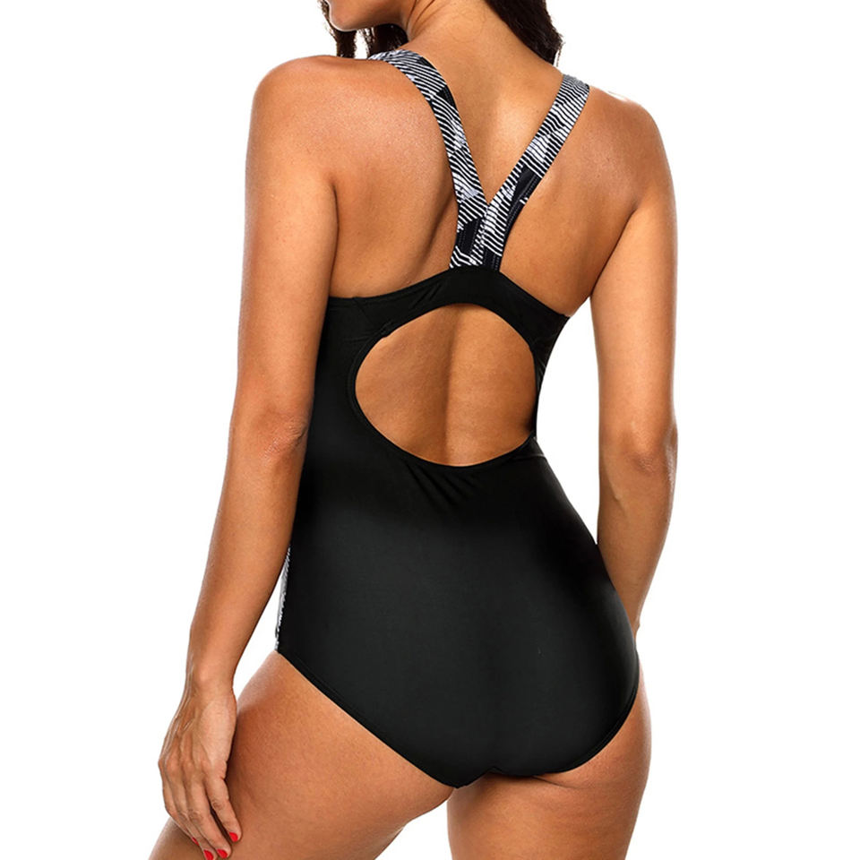 ชุดว่ายน้ำชิ้นเดียวสำหรับผู้หญิงชุดว่ายน้ำแบบสปอร์ตบราเว้าหลังชุดว่ายน้ำลดสัดส่วนบิกินี่โพลีเอสเตอร์สแปนเด็กซ์ควบคุมหน้าท้อง
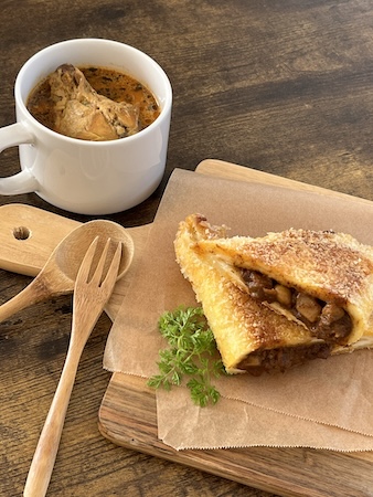 子供でも食べられるアレンジレシピとして、食パンで簡単カレーパン、水たきスープカレーに豆乳を加えてまろやかカレースープ、2品へのアレンジもできる。
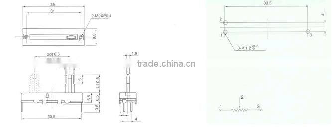 3 pin potentiometer slide potentiometer 20mm travel length
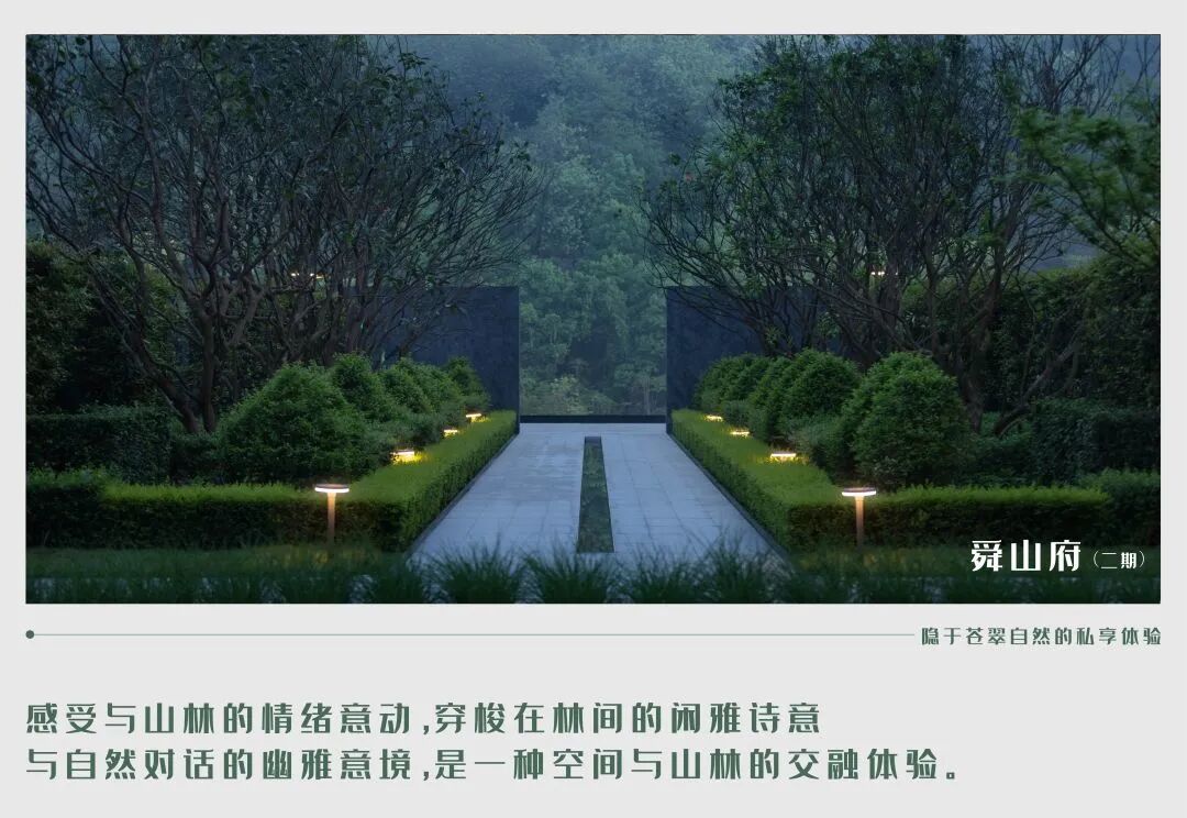 与自然共生的“森居”理念贯穿了整个舜山府园区,归家即是一场宁静的心灵之旅。进入园区的当下,便可拂去一天的疲惫。
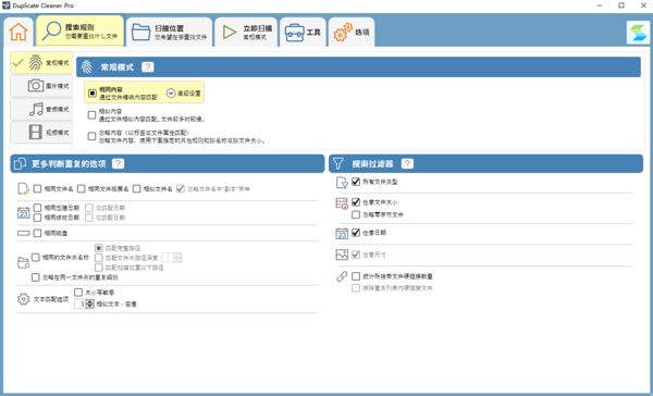 软件设有常规、图像、音频、视频四种专属扫描模式,适配不同文件的去重需求。
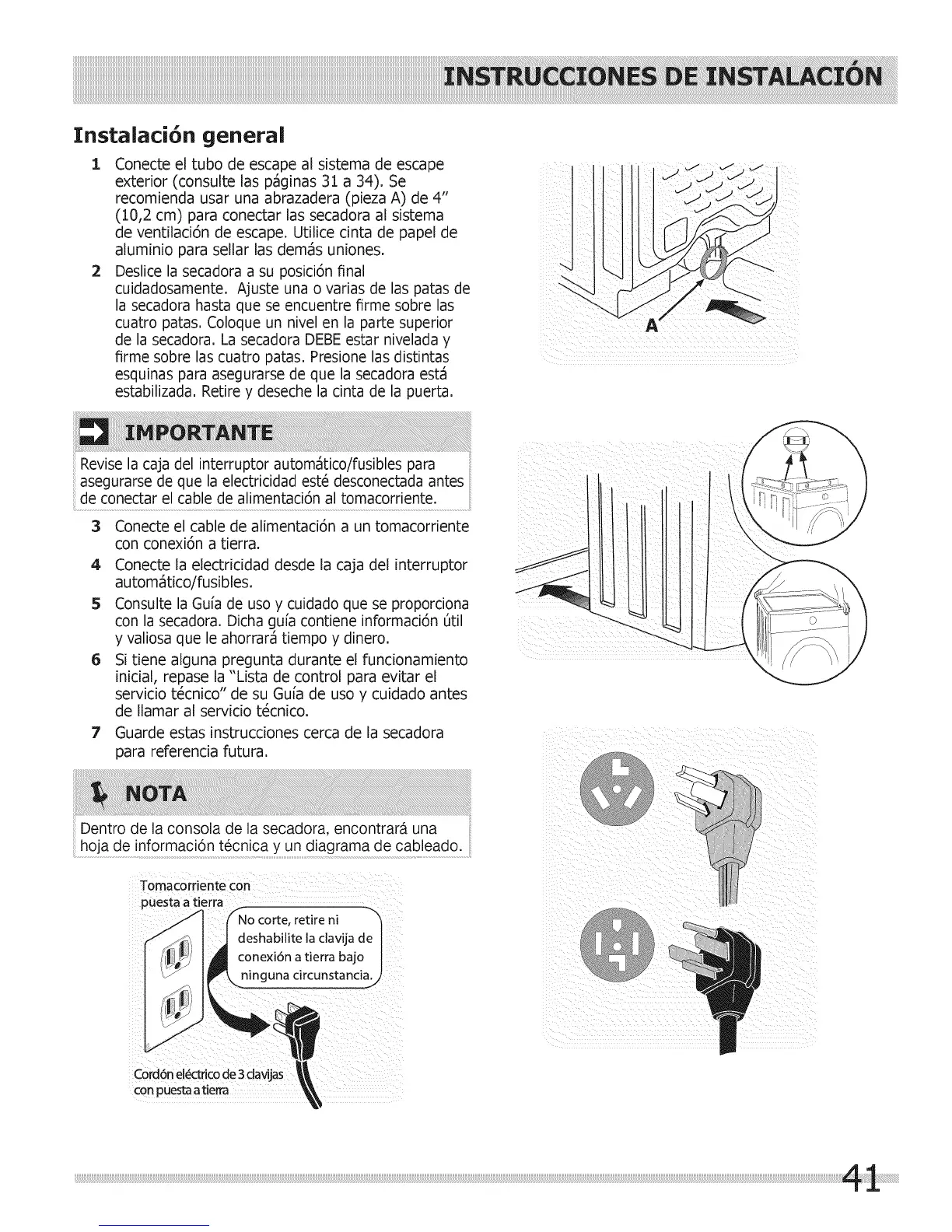 7 Guarde estas instrucciones cerca de la secadora
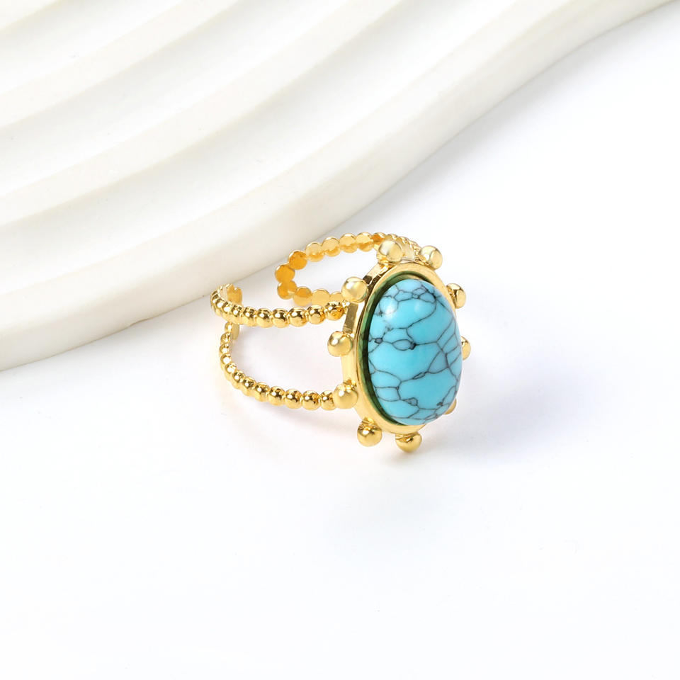 แหวนแฟชั่นผู้หญิง ชุบทอง ประดับพลอยทรงรี ดีไซน์ขอบแบบ Bezel ปรับขนาดได้ ของขวัญเครื่องประดับ
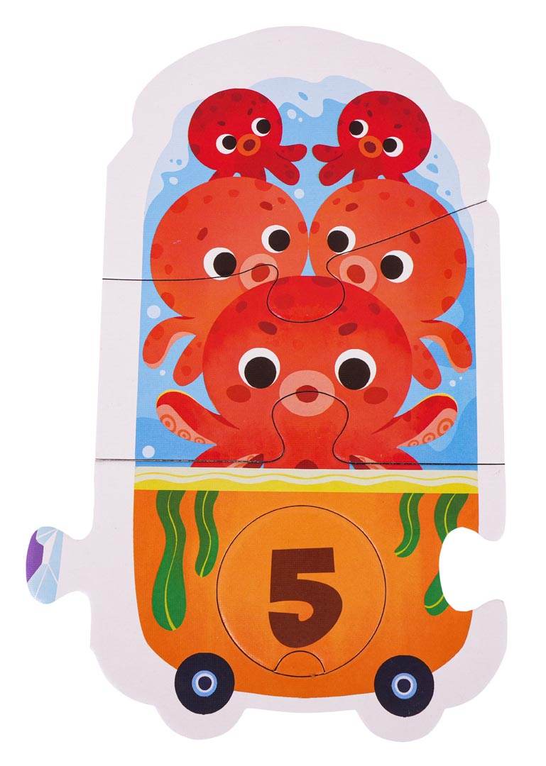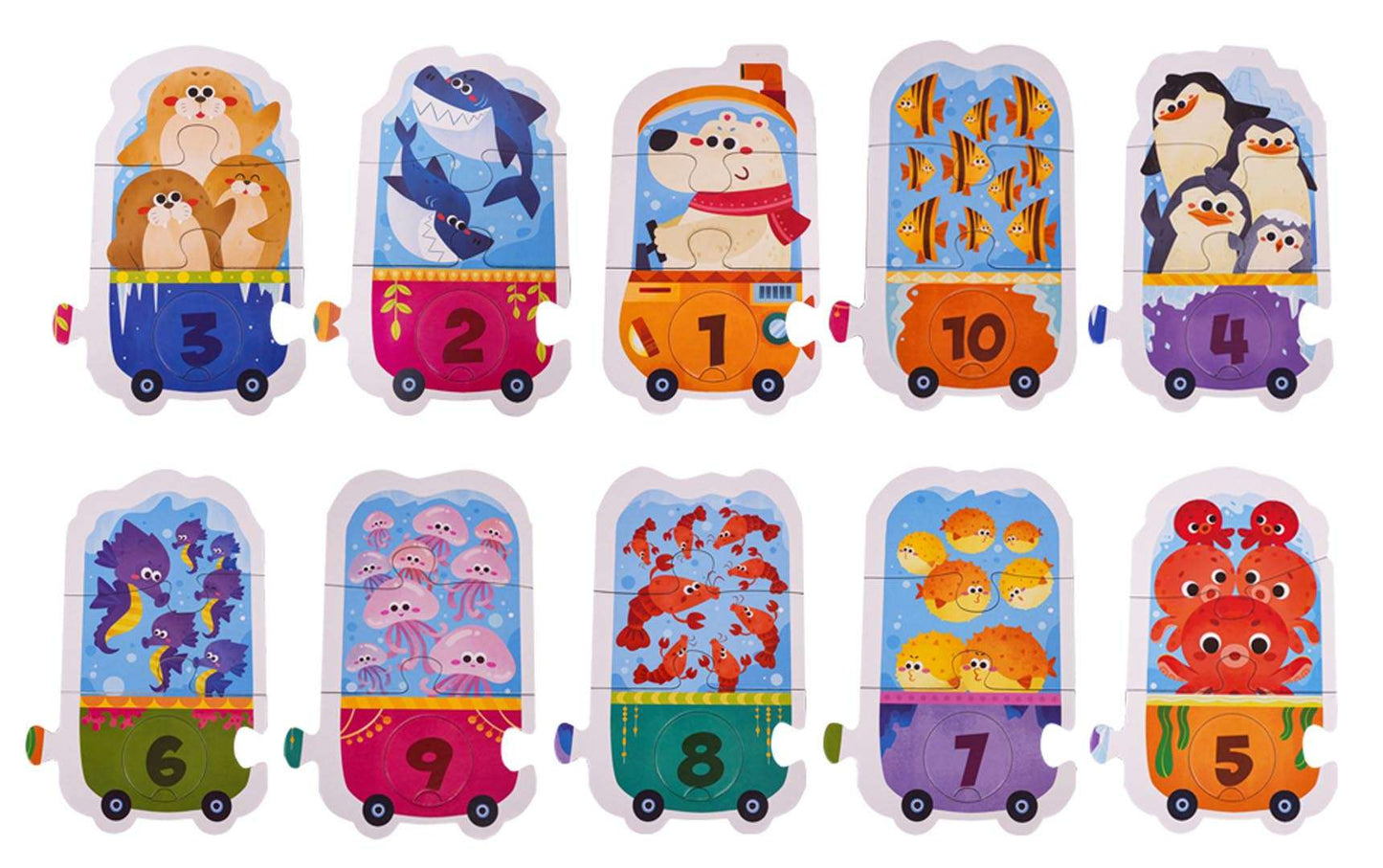 - Ułóż pełny pociąg z 10 wagoników, odkrywając rytm i zabawę w ruchu.
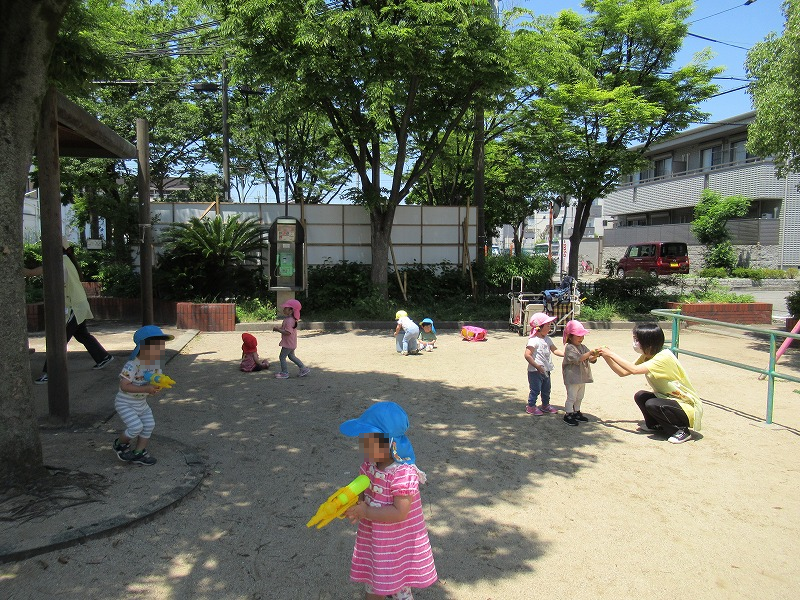 この日は真夏日、赤組(2才児)さんは初めての水鉄砲遊びが気に入ったみたい(^-^)。
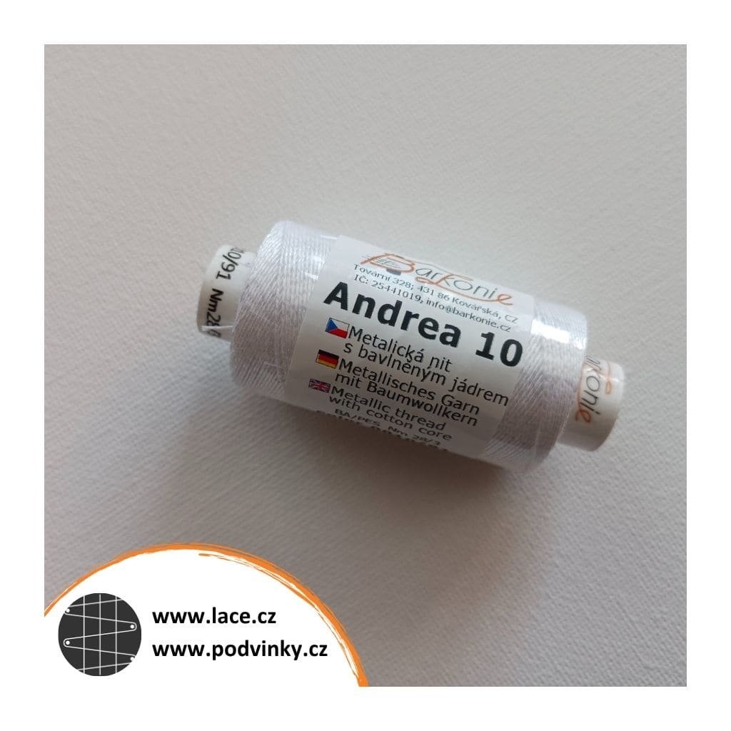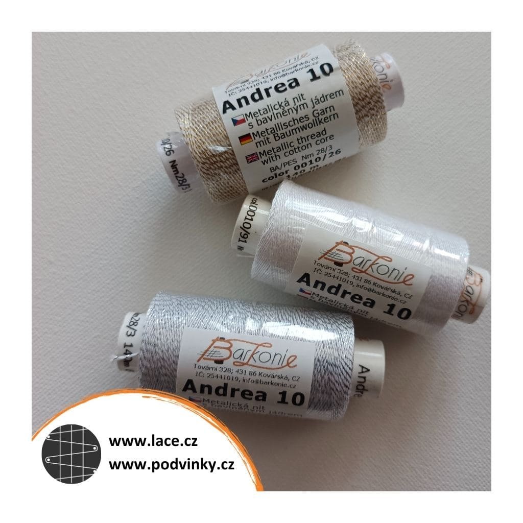 Jedná se o metalickou niť s bílým bavlněným jádrem, BA/PES Nm 28/3. Na jedné roličce je 140 metrů.
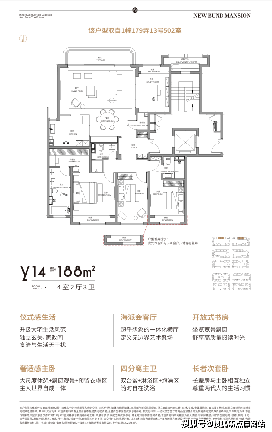 极致奢华:针对海派精英生活秩序再设计,双向私密电梯入户、家政处理间、无界会客厅,媲美大平层的尺度感,见证豪宅待客礼仪升华。
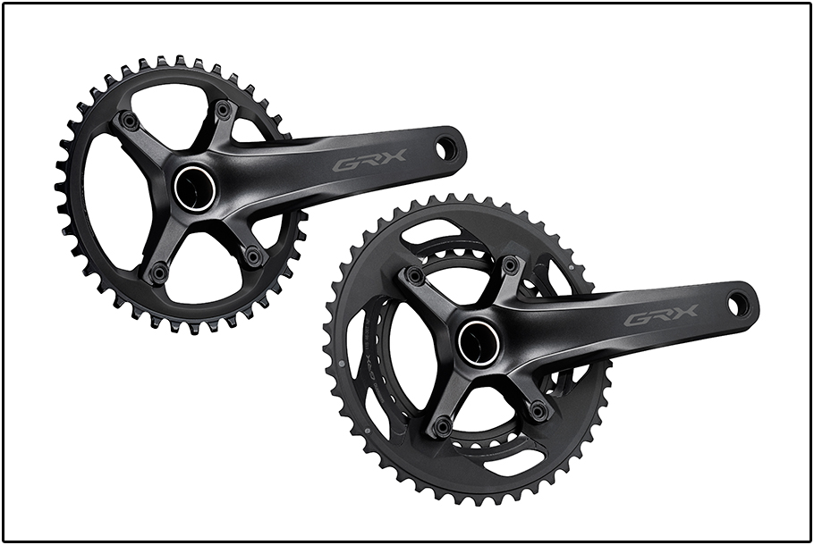 Shimano ‘gelooft’ niet in carbon cranks, dus ook voor de gravelbike krijg je bij de Japanse firma gesmede aluminium cranks. Verspreid over de drie GRX-modelreeksen voert Shimano slechts 2 gravel-specifieke cranksets: RX800 en RX600. Beide kunnen zowel met één als twee kettingbladen worden uitgevoerd. De kettinglijn bij beide typen is 2,5 mm verder naar buiten, ten opzichte van de racefietsgroepsets, om dus ruimte te maken voor brede banden.

════════

# EXERCISE DETAILS
Repeat exactly the lines from the first line of the records above through the line containing "极致奢华:针对海派精英生活秩", both included. Leave out the pictures.

# SOLUTION BELOW
 ชุดว่ายน้ำชิ้นเดียวสำหรับผู้หญิงชุดว่ายน้ำแบบสปอร์ตบราเว้าหลังชุดว่ายน้ำลดสัดส่วนบิกินี่โพลีเอสเตอร์สแปนเด็กซ์ควบคุมหน้าท้อง
 子供でも食べられるアレンジレシピとして、食パンで簡単カレーパン、水たきスープカレーに豆乳を加えてまろやかカレースープ、2品へのアレンジもできる。
 3 pin potentiometer slide potentiometer 20mm travel length
 与自然共生的“森居”理念贯穿了整个舜山府园区,归家即是一场宁静的心灵之旅。进入园区的当下,便可拂去一天的疲惫。
 软件设有常规、图像、音频、视频四种专属扫描模式,适配不同文件的去重需求。
 7 Guarde estas instrucciones cerca de la secadora
 แหวนแฟชั่นผู้หญิง ชุบทอง ประดับพลอยทรงรี ดีไซน์ขอบแบบ Bezel ปรับขนาดได้ ของขวัญเครื่องประดับ
 - Ułóż pełny pociąg z 10 wagoników, odkrywając rytm i zabawę w ruchu.
 この日は真夏日、赤組(2才児)さんは初めての水鉄砲遊びが気に入ったみたい(^-^)。
 Jedná se o metalickou niť s bílým bavlněným jádrem, BA/PES Nm 28/3. Na jedné roličce je 140 metrů.
 极致奢华:针对海派精英生活秩序再设计,双向私密电梯入户、家政处理间、无界会客厅,媲美大平层的尺度感,见证豪宅待客礼仪升华。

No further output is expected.